-1

I am trying to approximate a function that smoothly maps five inputs to a single probability using Keras, but seem to have hit a limit. A similar problem was posed here (Keras Regression to approximate function (goal: loss < 1e-7)) for a ten-dimensional function and I have found that the architecture proposed there, namely:

model = Sequential()

model.add(Dense(128,input_shape=(5,), activation='tanh'))

model.add(Dense(64,activation='tanh'))

model.add(Dense(1,activation='sigmoid'))

model.compile(optimizer='adam', loss='mae')

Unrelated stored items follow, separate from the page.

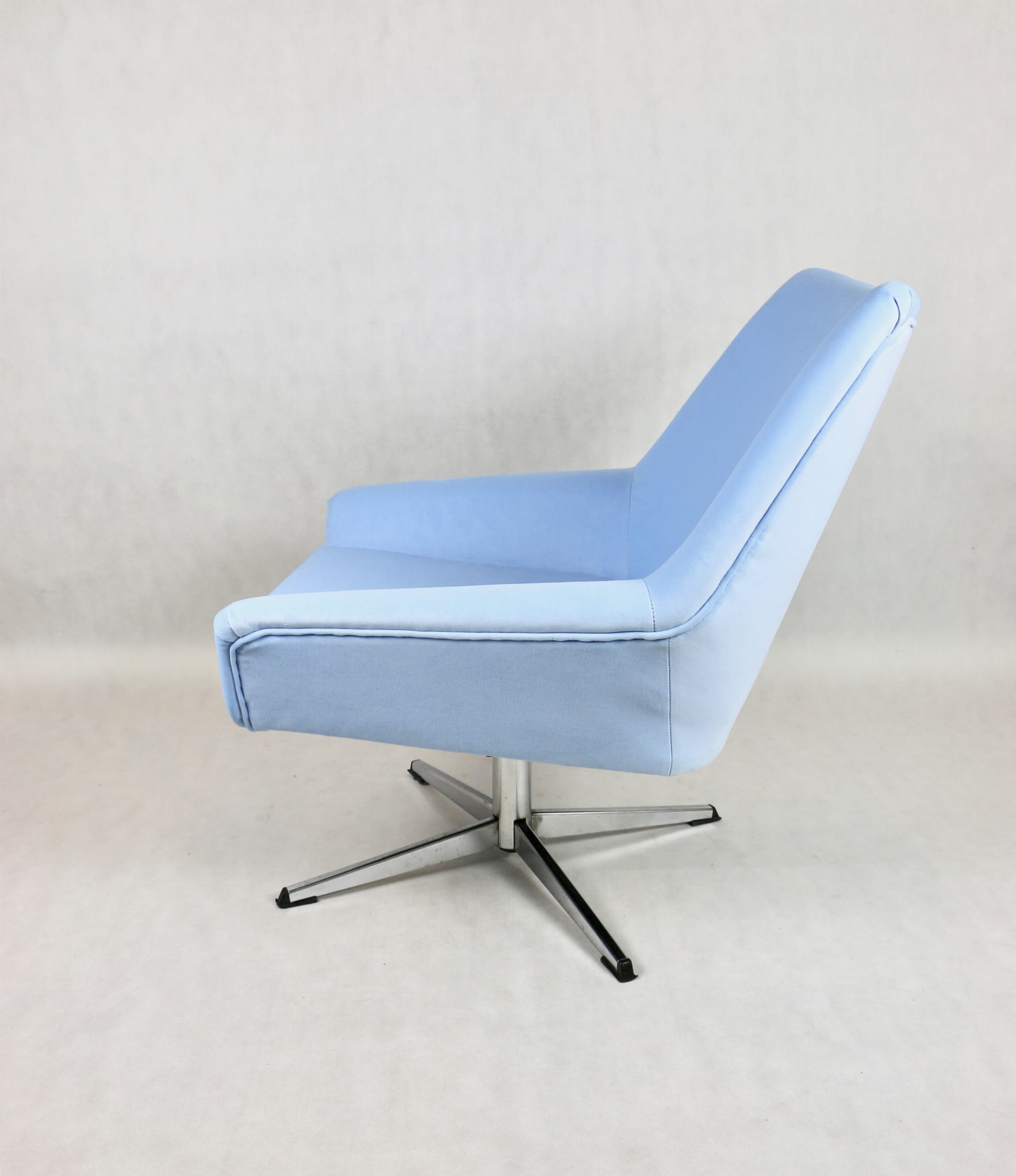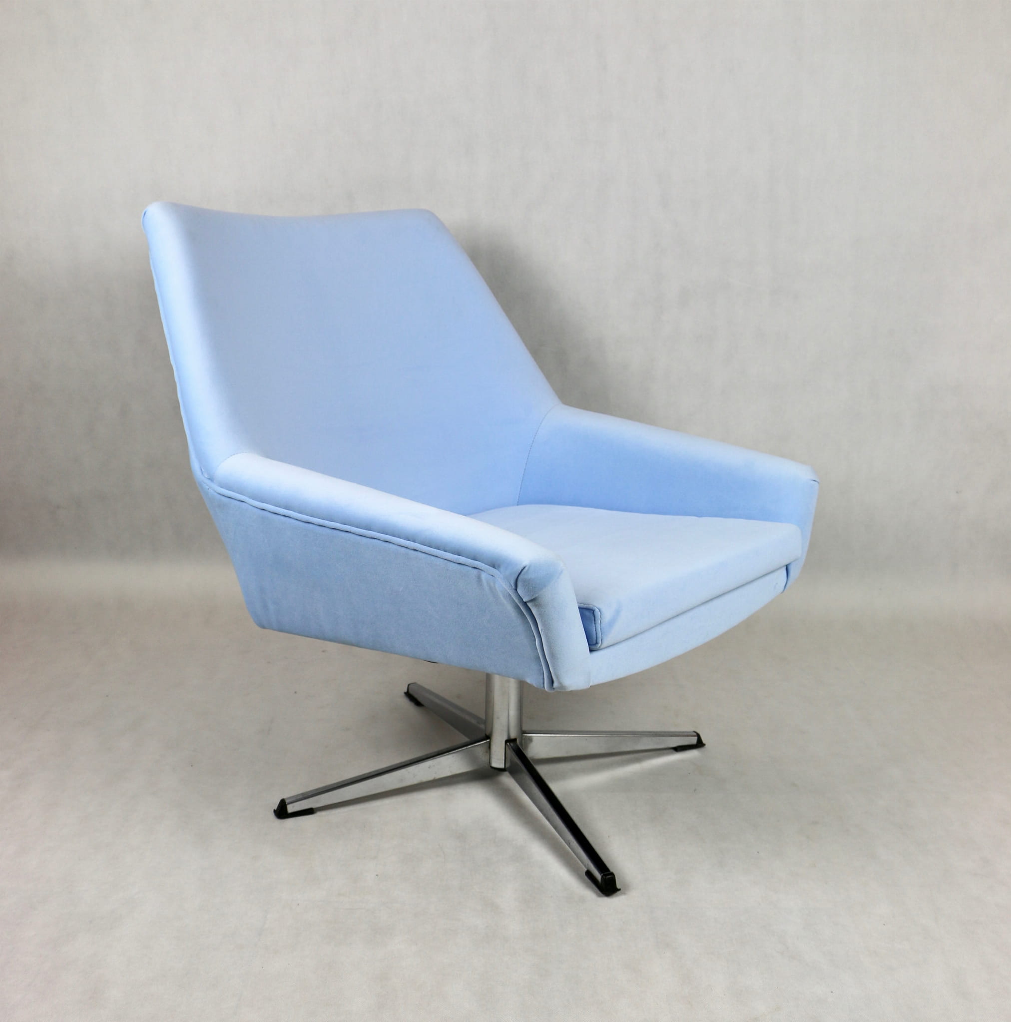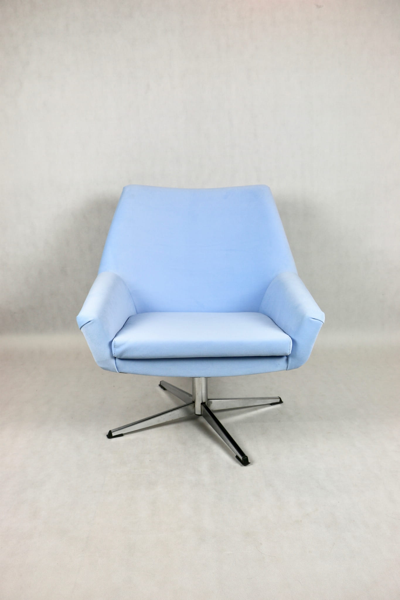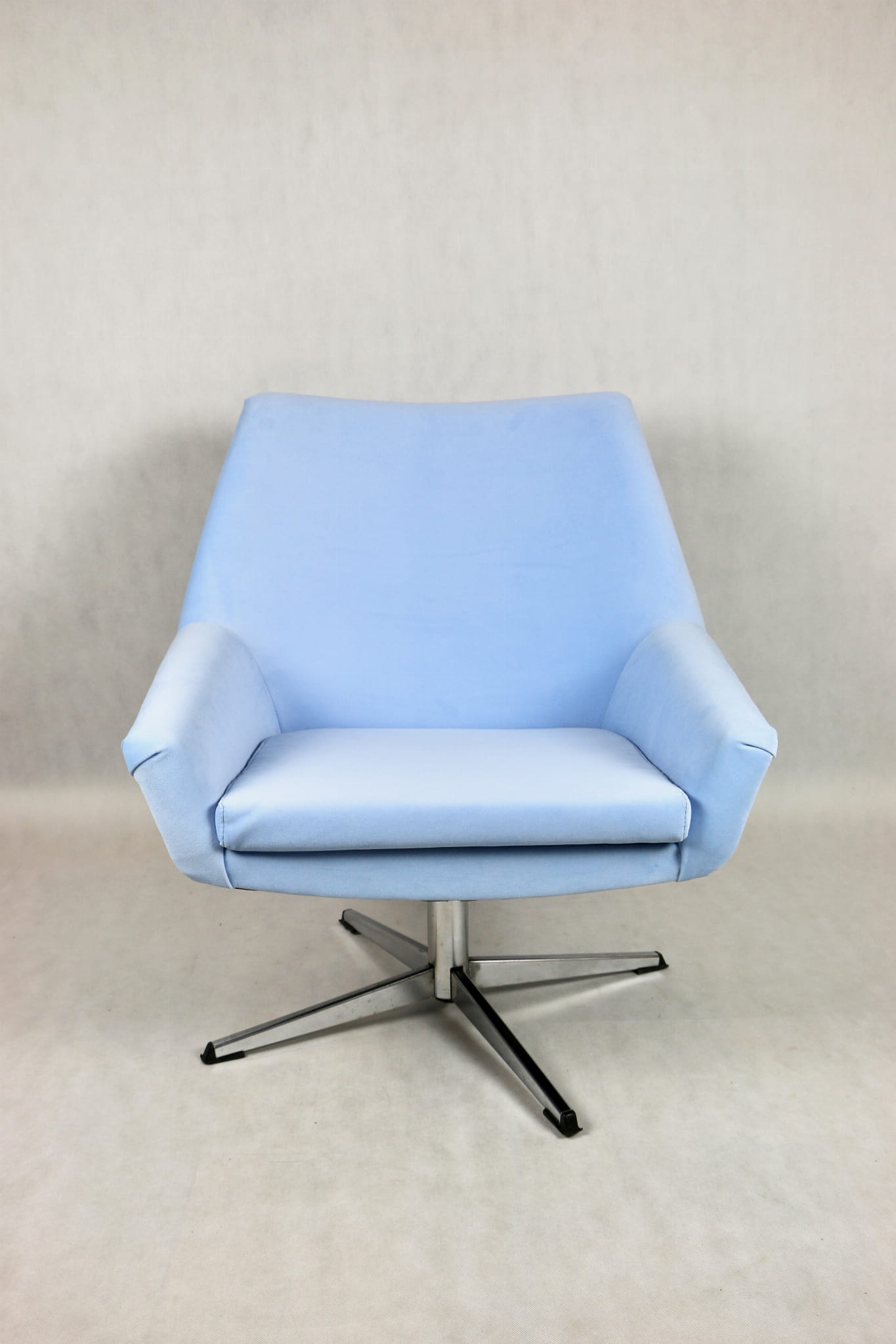 Fotel obrotowy z lat 70 produkowany przez VEB METALLWAREN NAUMBURG w DDR, kompletnie odrestaurowany. Nowa tapicerka wraz z wypełnieniem tkaniną typu welwet w kolorze jasno niebieskim - seria Jade kolor 612 easy to clean. Podstawa fotela metalowa, czteroramienna odświeżona w niklu. Bardzo wygodne.
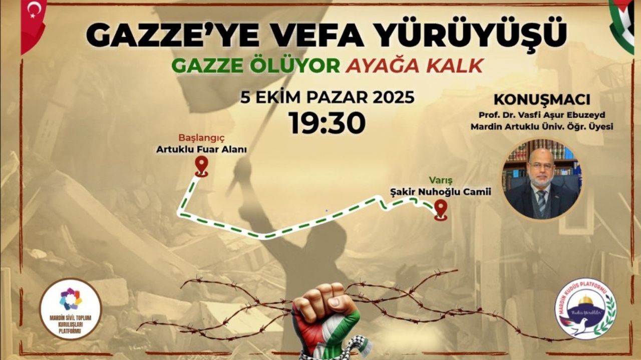 Mardin’deki Sivil Toplum Kuruluşları tarafından düzenlen "Gazze’ye Vefa Yürüyüşü" etkinliği 5 Ekim Pazar günü yapılacak.
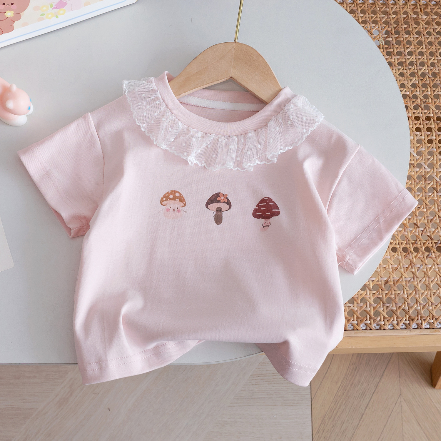 여자 귀여운 반팔 티셔츠 25 여름 새 스타일 레이스 반팔 아기 소녀 달콤한 다목적 만화 탑스토어 가기
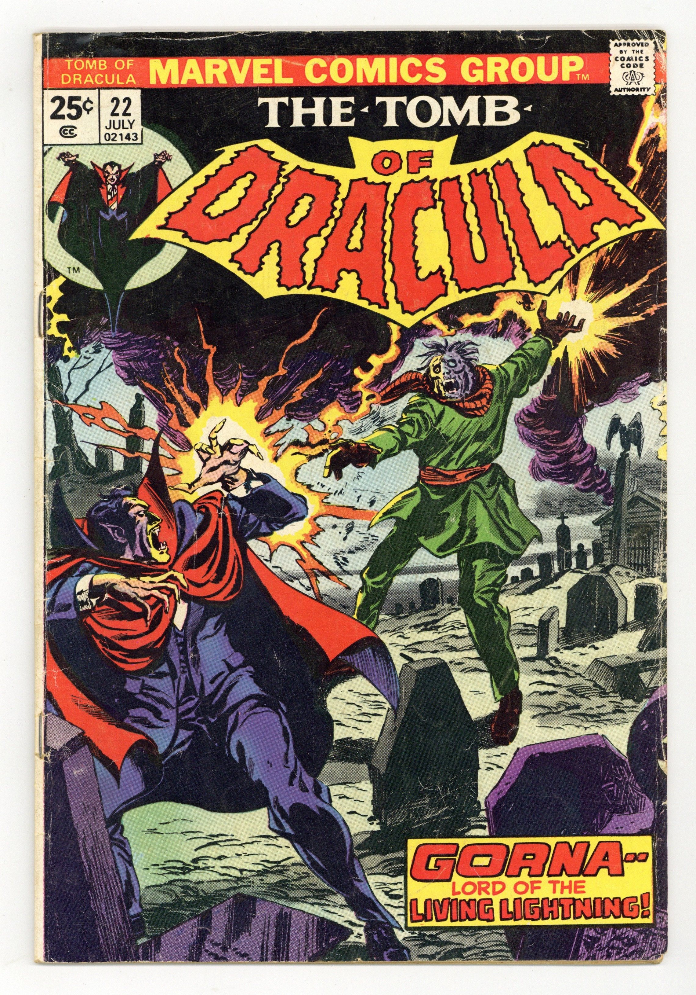 "In Death Do We Join!" Written by Marv Wolfman. Art by Gene Colan and Tom Palmer. Behind the Iron Curtain Dracula must face the macabre power of Gorna, Lord of the Living Lightning! 32 pages, FC. NOTE: The letters page contains Marvel Value Stamp series A # 27 (the Black Widow by John Romita Sr.). Gil Kane/Palmer cover. Cover price $0.25.
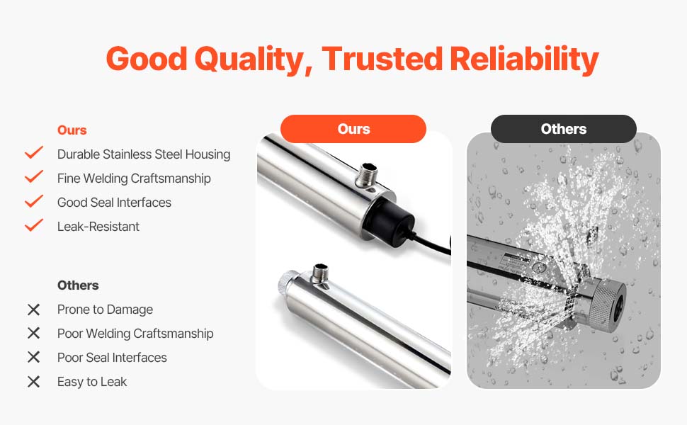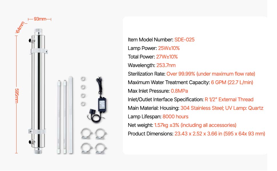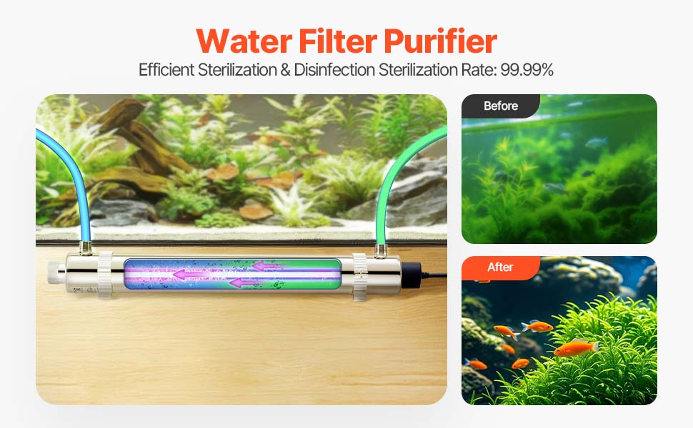 Ultrafialový filter čističa vody poskytuje 99,99 % sterilizáciu pre čistú vodu bez baktérií. Vďaka odolnej komore z nehrdzavejúcej ocele a UV lampe s životnosťou až 8 000 hodín zaručuje dlhodobý výkon. Jednoduchá inštalácia a obsluha, vychutnajte si vyčistenú vodu okamžite!
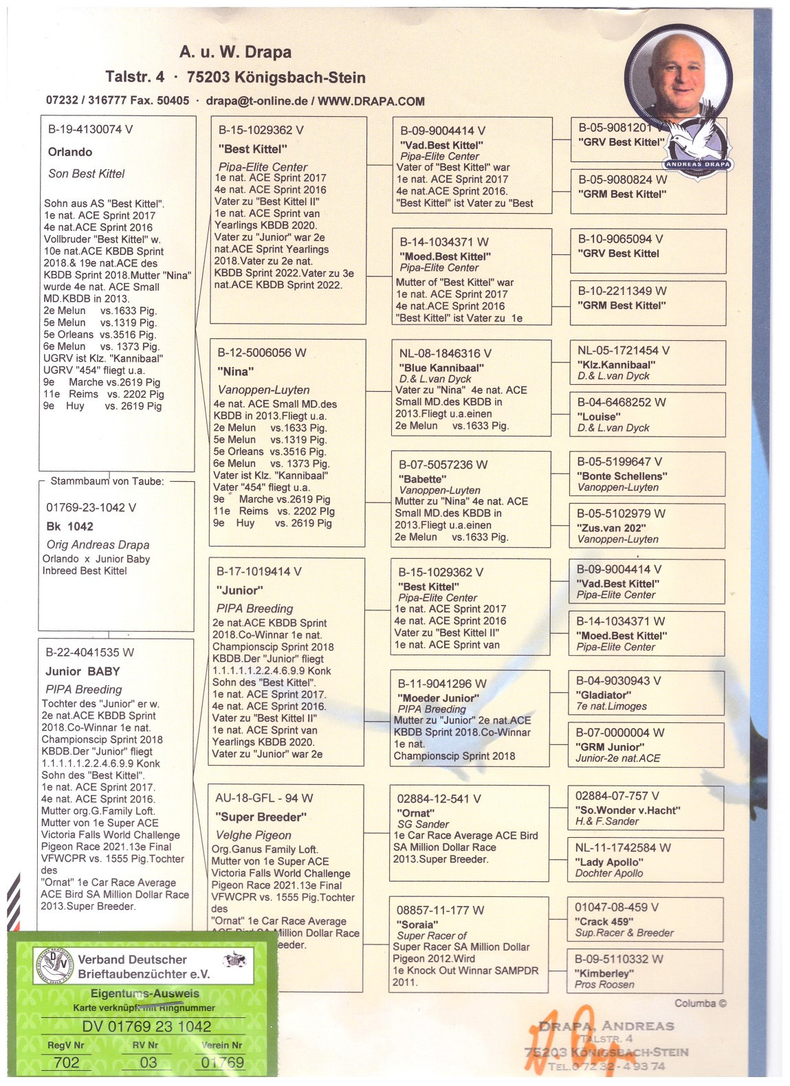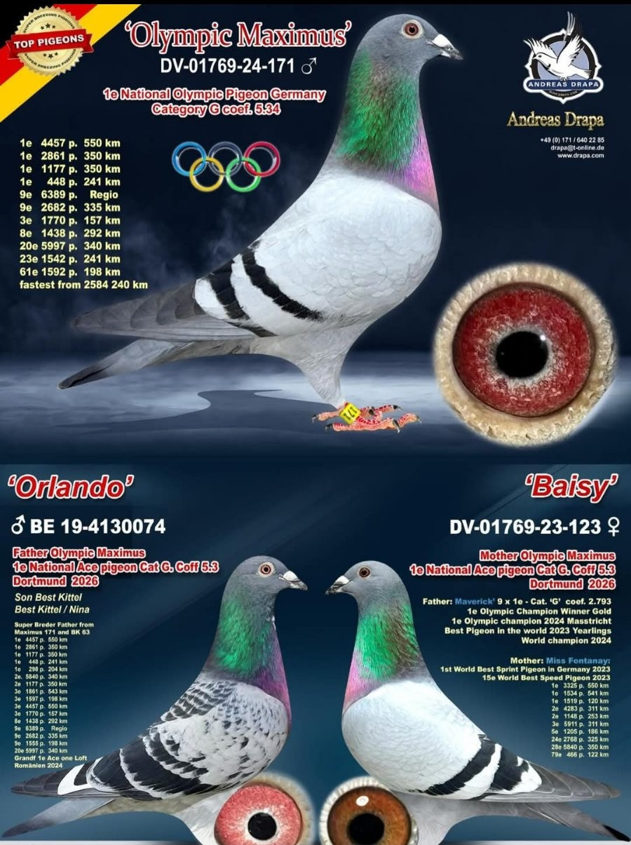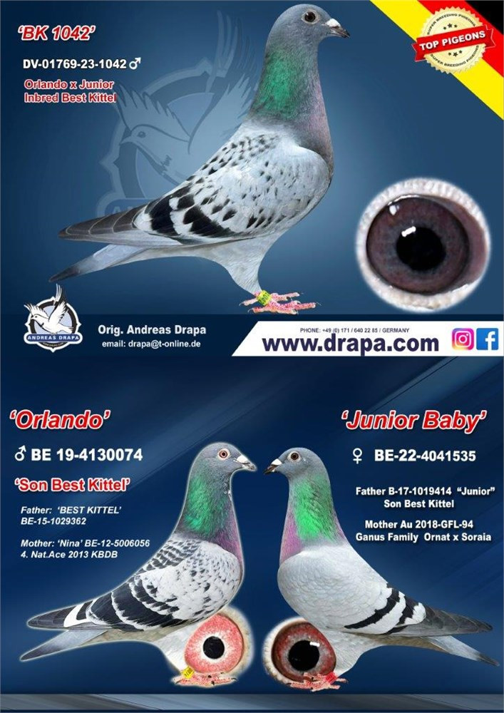 Rodina holubov BEST KITTEL patrí k najúspešnejšej u p. Drapu. Holub MAVERICK, najrýchlejší holub sveta je synom holuba CHRISTIANO. Holub CHRISTIANO je priamym synom holuba BEST KITTEL. Súčasný najvačší skvost z rodiny BEST KITTEL olympionik OLYMPIC MAXIMUS, ktorý bol olympionikom v kat. G v Dortmunde 2026. Tento holub získal 4x 1. cenu a striebornú medailu z olympiády. Jeho otec je ORLANDO – syn holuba BEST KITTEL. Zároveň matka ponúkanej holubice 268 je polosestra holuba OLYMPIC MAXIMUS, keďže majú rovnakého otca=holuba ORLANDO.

gives me my best results, converging to a best loss of around 7e-4 on my validation data when the batch size is 1000. Adding or removing more neurons or layers seems to reduce the accuracy. Dropout regularisation also reduces accuracy. I am currently using 1e7 training samples, which took two days to generate (hence the desire to approximate this function). I would like to reduce the mae by another order of magnitude, does anyone have any suggestions how to do this?

desertnaut
  • 57,590
  • 26
  • 140
  • 166
user23
  • 9
  • 1
  • 4

1 Answers1

0

I recommend use utilize the keras callbacks ReduceLROnPlateau, documentation is here and ModelCheckpoint, documentation is here.. For the first, set it to monitory validation loss and it will reduce the learning rate by a factor(factor) if the loss fails to reduce after a fixed number (patience) of consecutive epochs. For the second also monitor validation loss and save the weights for the model with the lowest validation loss to a directory. After training load the weights and use them to evaluate or predict on the test set. My code implementation is shown below.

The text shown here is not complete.